[[ DATA FOR REVIEW open ]]

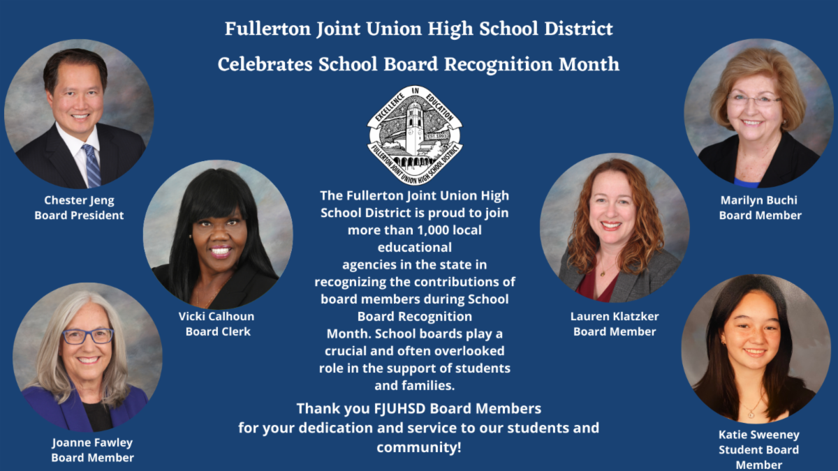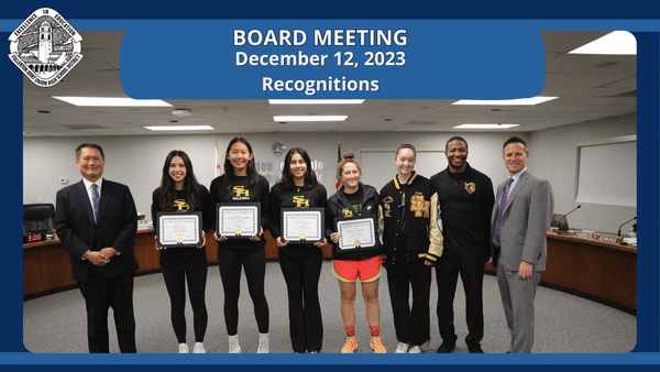At the December Board Meeting, the Board celebrated fall athletic teams who reached CIF finals or State qualifiers. Girls’ Golf, Tennis, and Volleyball were recognized. New Board President Chester Jeng was elected, outgoing president Joanne Fawley was thanked for her service, and Board Member Marilyn Buchi was recognized for 40 years of service! In addition, new Student Board Member Katie Sweeney and SAC Vice Chair Grace Nevis were sworn in. Congratulations to all!
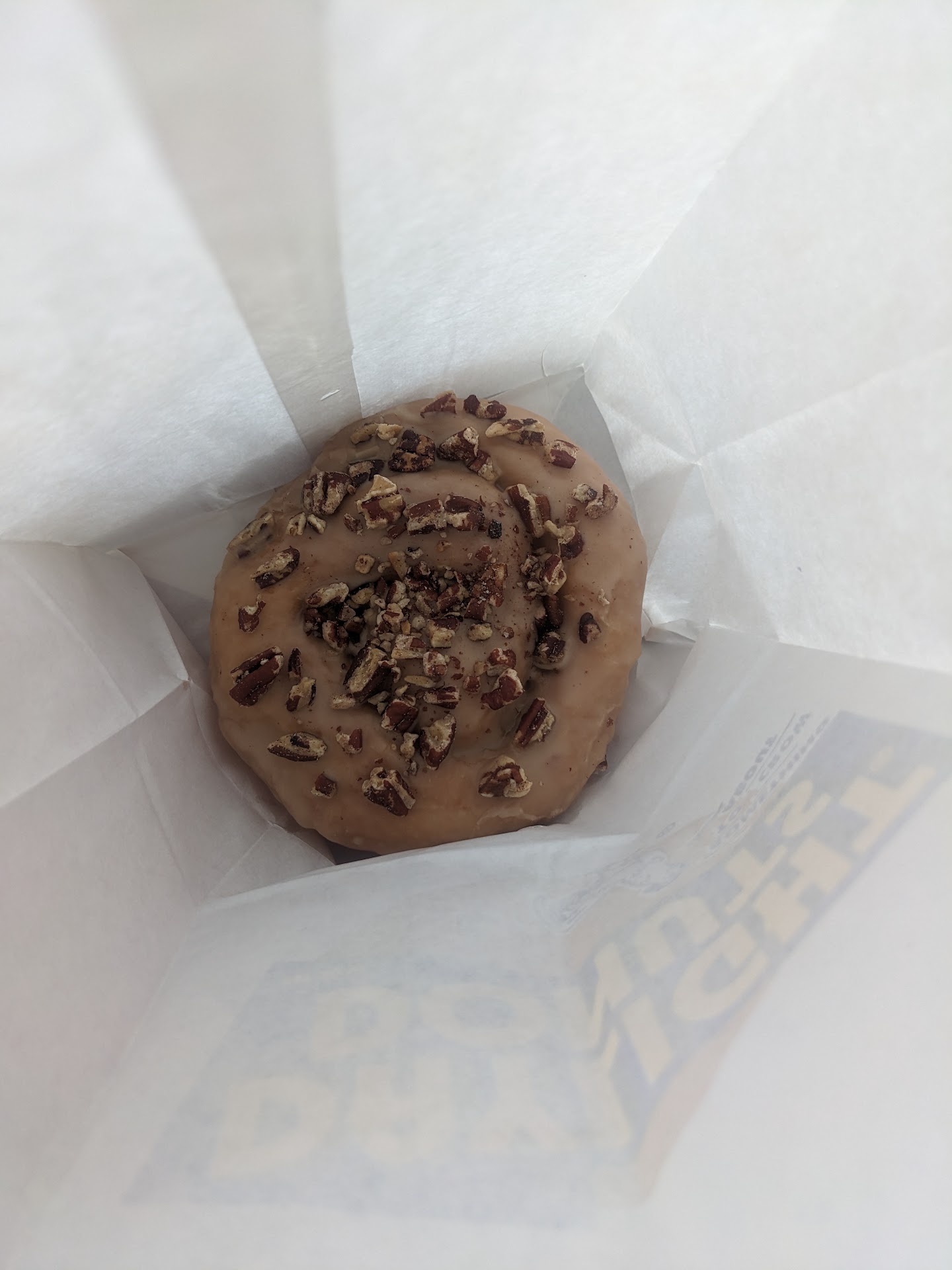 The donuts and service from the lady up front was good. I did not appreciate the cracker jack front entry way, it's extremely small and awkward, and that is the way you order the donuts. Your behind a plastic divider and the front door is closed to a dining area which does not seem like they want you to come inside. I know we live in this covid era but it's not welcoming and it's not easy to even see the donuts , they are not labeled and far away so you basically cant see them on display, the lady has to tell you what they are if you can them and describe them! It's very weird. They should open up and treat this like a happy place so people can enjoy a happy place with donuts! As it should be. I would not go back, because of the lack of ambience...
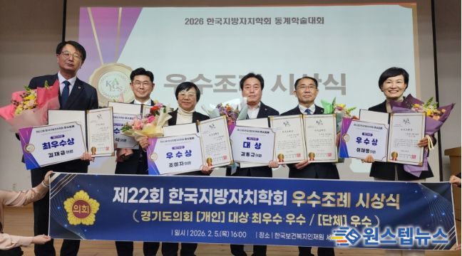 원스텝뉴스 이병희 기자 | 경기도의회가 5일 ‘제22회 한국지방자치학회 우수조례 시상식’에서 개인부문 대상과 단체부문 우수상 등 총 8건을 수상하며 전국 최고의 입법 역량을 입증했다.
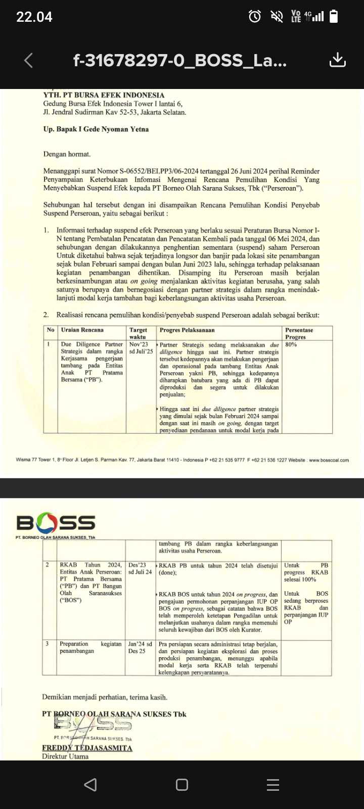 $BOSS Tahun 2026 udah didepan mata, kita lihat emiten ini & para kawanan mafianya bisa bertanggung jawab gak, akan mulai aktivitas penambangan infonya sebagaimana lampiran di Juli 2024. Bursa negeri konoha masih terus melindungi mafia atau ada gebrakan sesuai dengan instruksi Kemenkeu ☕🤔🤔🤔
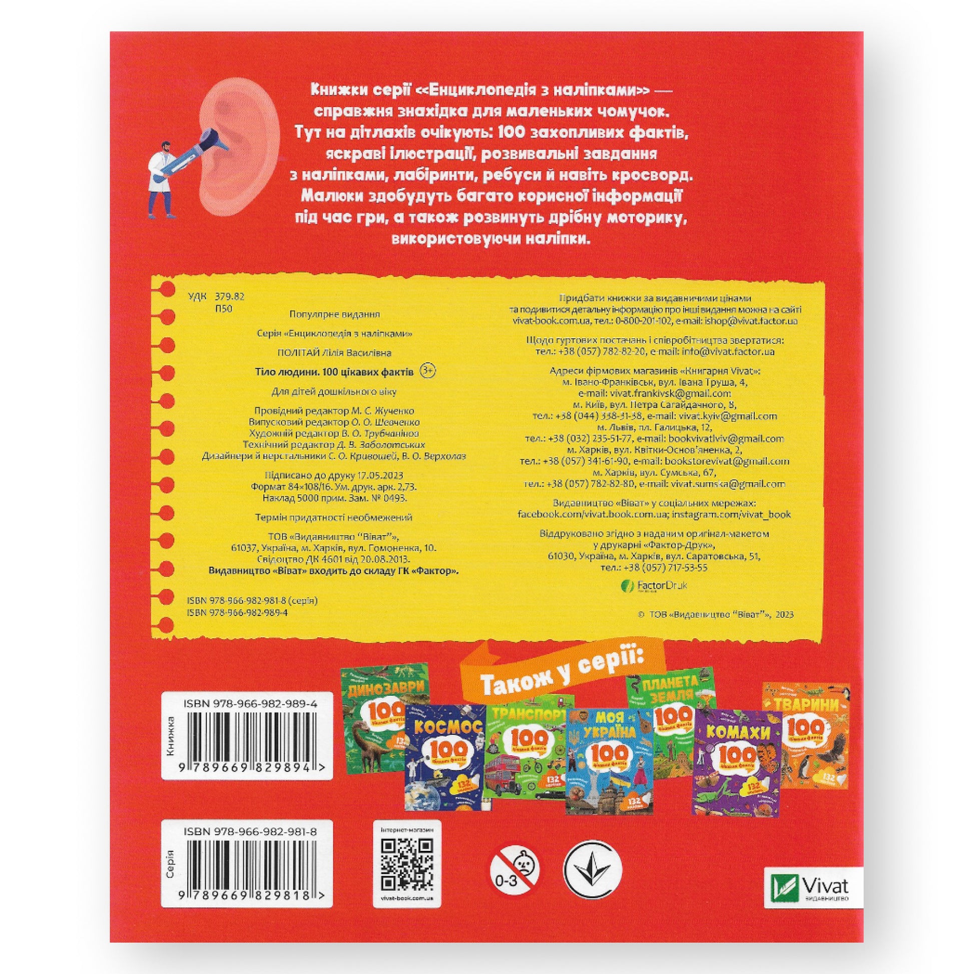 Книжки серії «Енциклопедія з наліпками» — справжня знахідка для маленьких чомучок. Тут вони знайдуть: 100 захопливих фактів, яскраві ілюстрації, розвивальні завдання з наліпками, лабіринти, ребуси і навіть кросворд. Малюки дізнаються багато корисної інформації під час гри, а також розвинуть дрібну моторику, використовуючи наліпки.
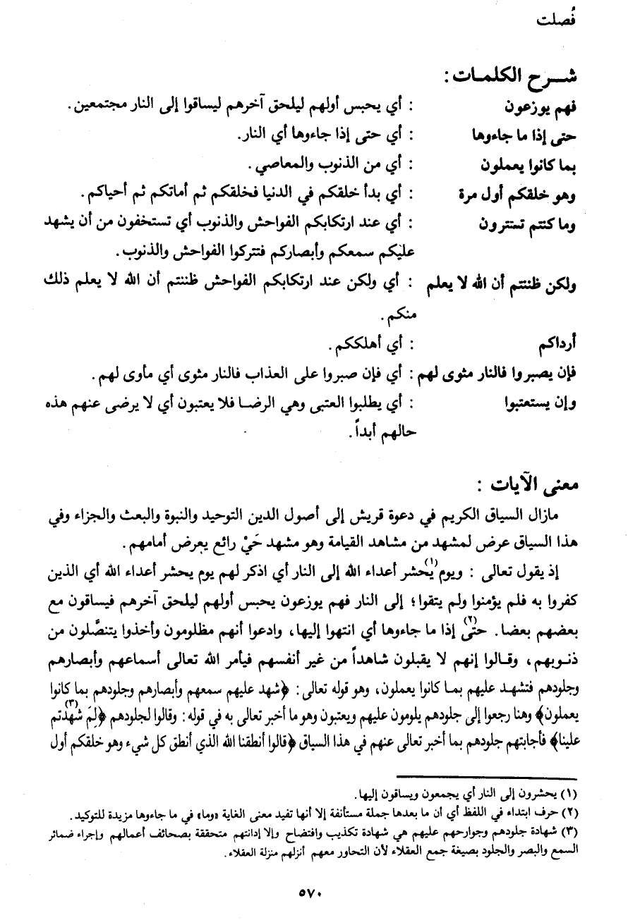 إذ يقول تعالى: {وَيَوْمَ (1) يُحْشَرُ أَعْدَاءُ اللهِ إِلَى النَّارِ} أي اذكر لهم يوم يحشر أعداء الله أي الذين كفروا به فلم يؤمنوا ولم يتقوا؛ إلى النار فهم يوزعون يحبس أولهم ليلحق آخرهم فيساقون مع بعضهم بعضاً. حتى (2) إذا ما جاءوها أي انتهوا إليها، وادعوا أنهم مظلومون وأخذوا يتنصّلون من ذنوبهم، وقالوا إنه لا يقبلون شاهداً من غير أنفسهم فيأمر الله تعالى أسماعهم وأبصارهم وجلودهم فتشهد عليهم بما كانوا يعملون، وهو قوله تعالى: {شَهِدَ عَلَيْهِمْ سَمْعُهُمْ وَأَبْصَارُهُمْ وَجُلُودُهُمْ بِمَا كَانُوا يَعْمَلُونَ} وهنا رجعوا إلى جلودهم يلومون عليهم ويعتبون وهو ما أخبر تعالى به في قوله: {وَقَالُوا لِجُلُودِهِمْ لِمَ شَهِدْتُمْ (3) عَلَيْنَا} فأجابتهم جلودهم بما أخبر تعالى عنهم في هذا السياق {قَالُوا أَنْطَقَنَا اللهُ الَّذِي أَنْطَقَ كُلَّ شَيْءٍ وَهُوَ خَلَقَكُمْ أَوَّلَ
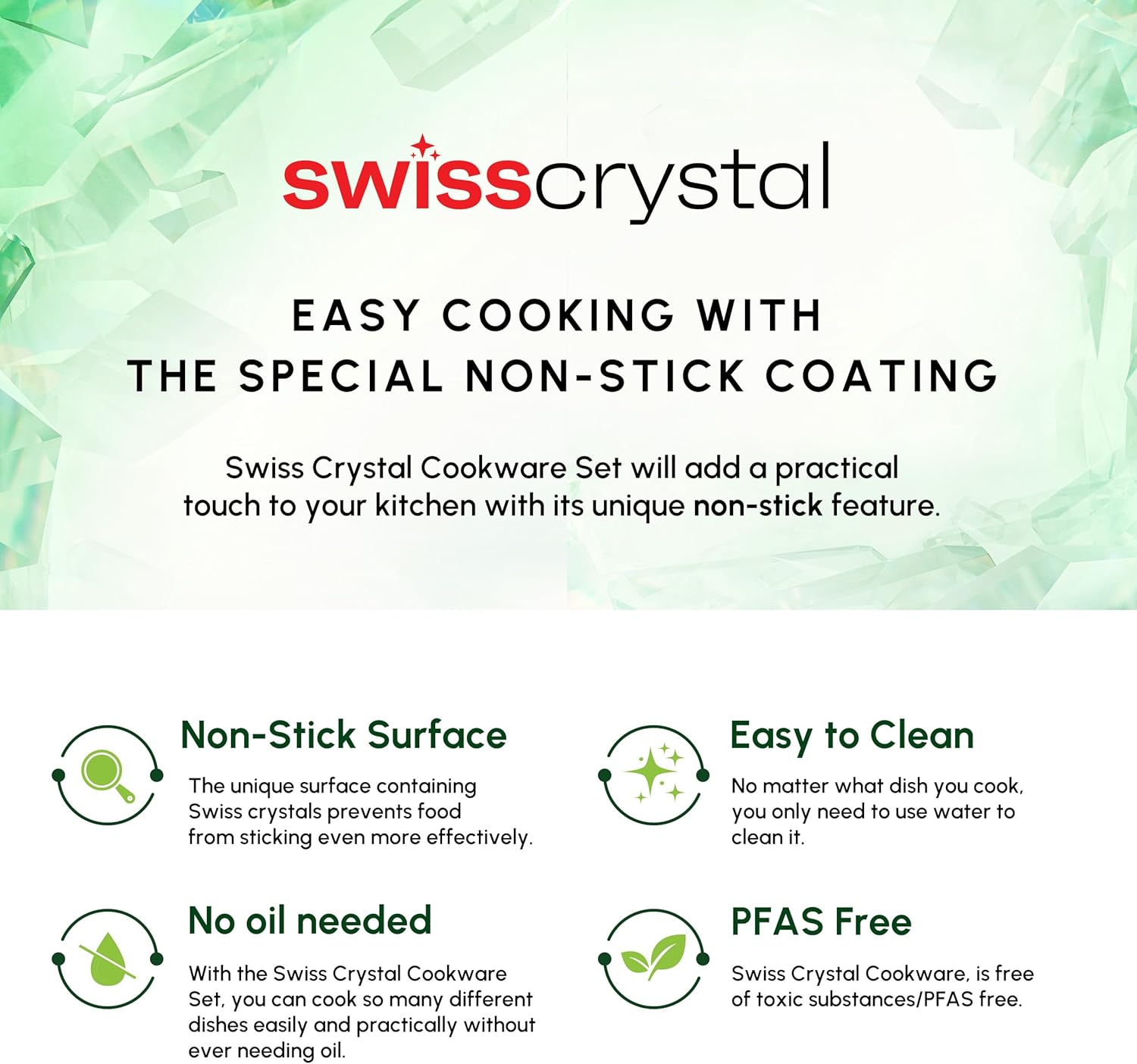 - Schweizer Kristall-Antihaft-Technologie: Der KARACA Swiss Crystal-Induktions-Kochtopf verfügt über eine fortschrittliche Antihaft-Technologie, die mühelose Freigabe von Lebensmitteln, einfache Reinigung und gesünderes Kochen mit minimalem Öl bietet.
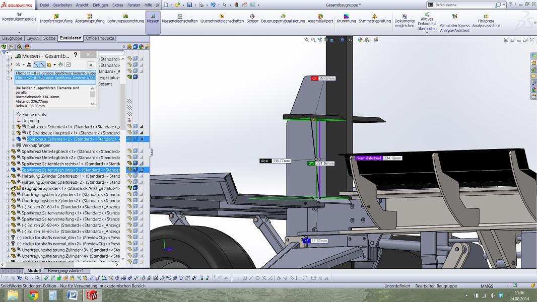 Die Verstellung des Spaltkreuzes würde ich nochmals überdenken. Der Winkelhebel gefällt mir auch nicht. Solche Problemstellungen löse ich sehr gerne mit dem Prinzip der Anlenkung an der Baggerschaufel. Das sieht filigran aus und ist extrem stabil.
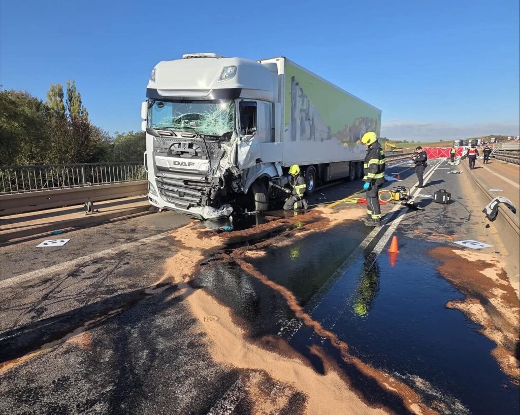 U tragické dopravní nehody dnes dopoledne zasahovali profesionální hasiči z Kladna a Slaného, řídící důstojník a dobrovolní hasiči ze Zlonic. Na silnici I/7 došlo ke střetu nákladního a dodávkového automobilu. Jedna osoba střet nepřežila, další museli z vozu vyprostit hasiči. Následně musely jednotky řešit masivní únik provozních kapalin z nákladního automobilu. Uniklé látky zasypaly sorbentem ve spolupráci se Správou a údržbou silnic, ty z poničených nádrží musely přečerpat. Silnice byla zavřena několik hodin pro veškerou dopravu.
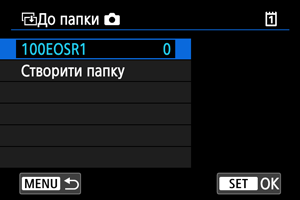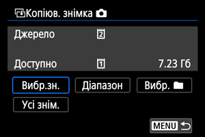 - Якщо вибрано параметр [Вибр.зн.], зображення в кількох папках не вдасться скопіювати одночасно. Виберіть зображення для копіювання з однієї папки за один раз.
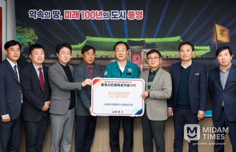 미담타임스 김교환 기자 | 서남해수어류양식수협(조합장 김성훈)은 지난 10일 통영시(시장 천영기)를 방문해 인재육성기금 1000만원을 기탁했다.
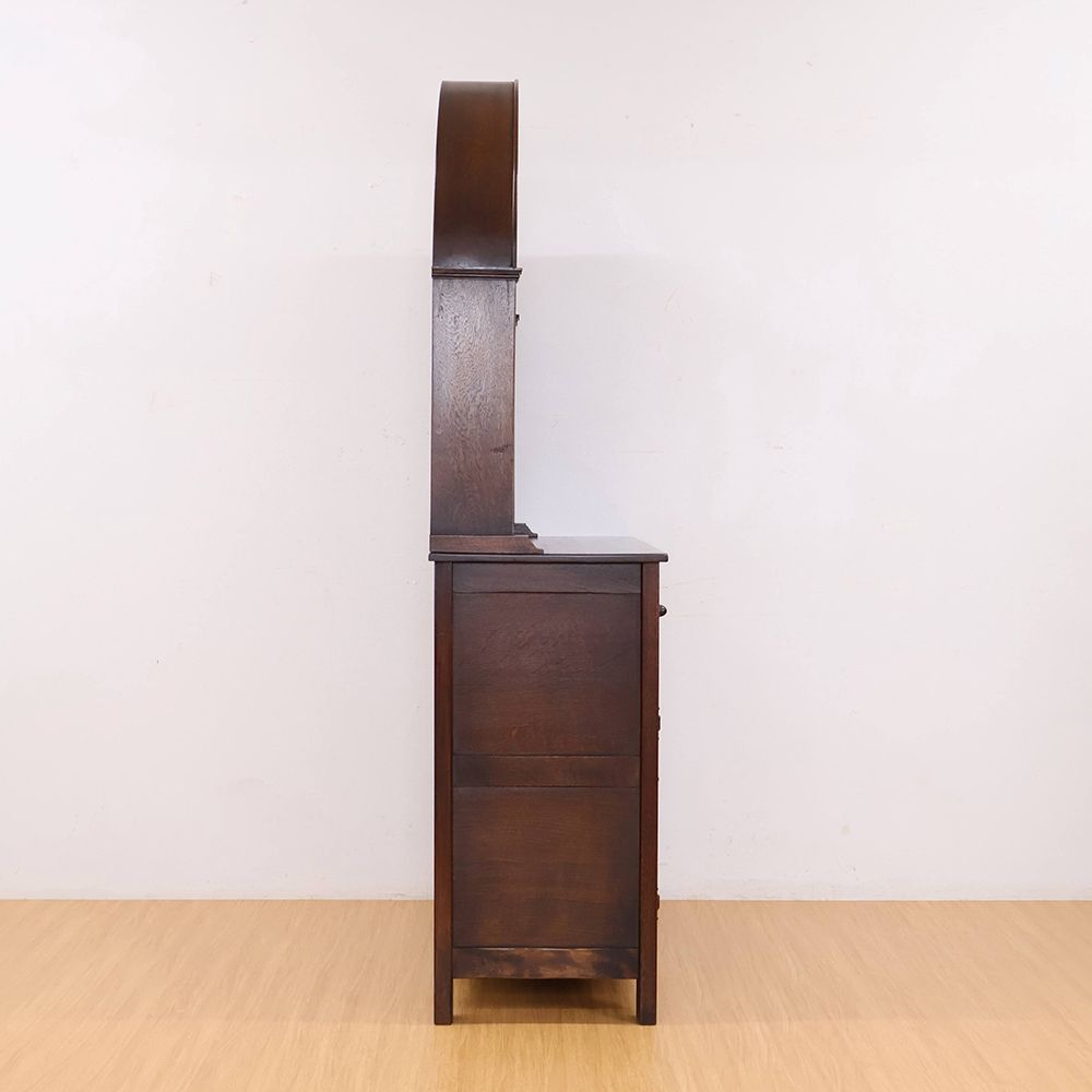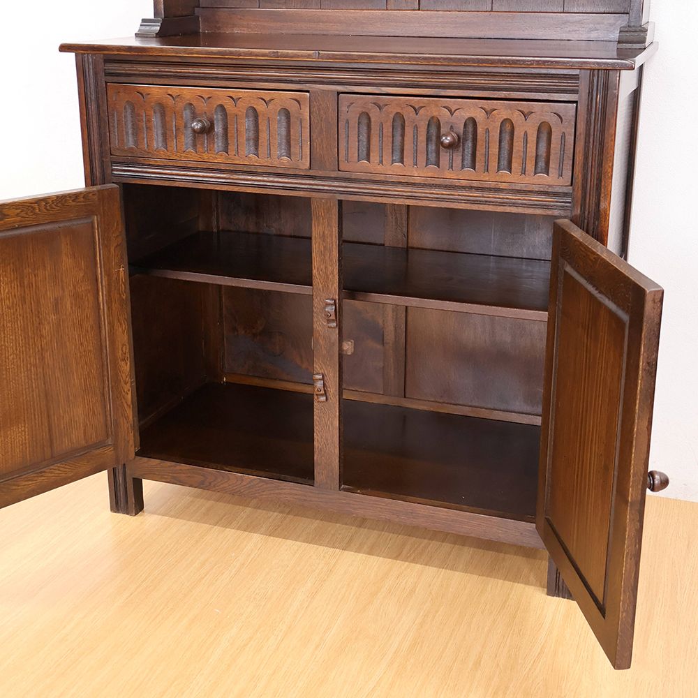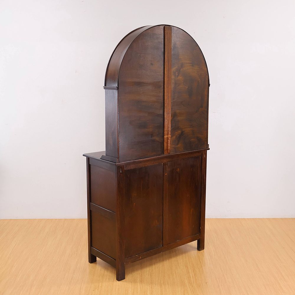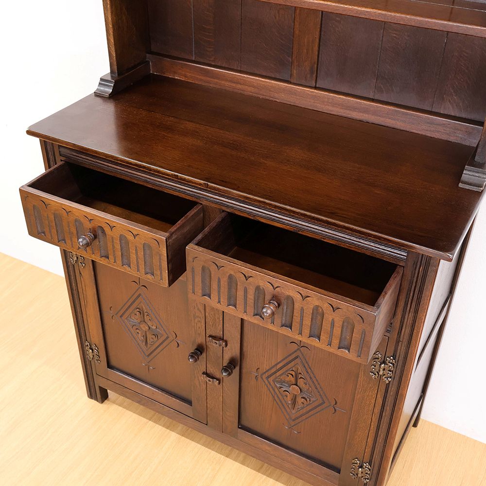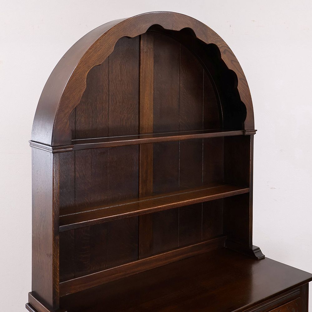 しっとりと深みのある木肌に、アーチ状の上部と繊細な彫刻が自慢の食器棚が入荷いたしました。

[[ DATA FOR REVIEW closed ]]

PROBLEM REQUIREMENTS
Both the line containing "- Якщо вибрано" and the last line of the listing above belong in the copy, along with every line between them; retype them exactly and omit the pictures.

EXERCISE ANSWER
 - Якщо вибрано параметр [Вибр.зн.], зображення в кількох папках не вдасться скопіювати одночасно. Виберіть зображення для копіювання з однієї папки за один раз.
 미담타임스 김교환 기자 | 서남해수어류양식수협(조합장 김성훈)은 지난 10일 통영시(시장 천영기)를 방문해 인재육성기금 1000만원을 기탁했다.
 しっとりと深みのある木肌に、アーチ状の上部と繊細な彫刻が自慢の食器棚が入荷いたしました。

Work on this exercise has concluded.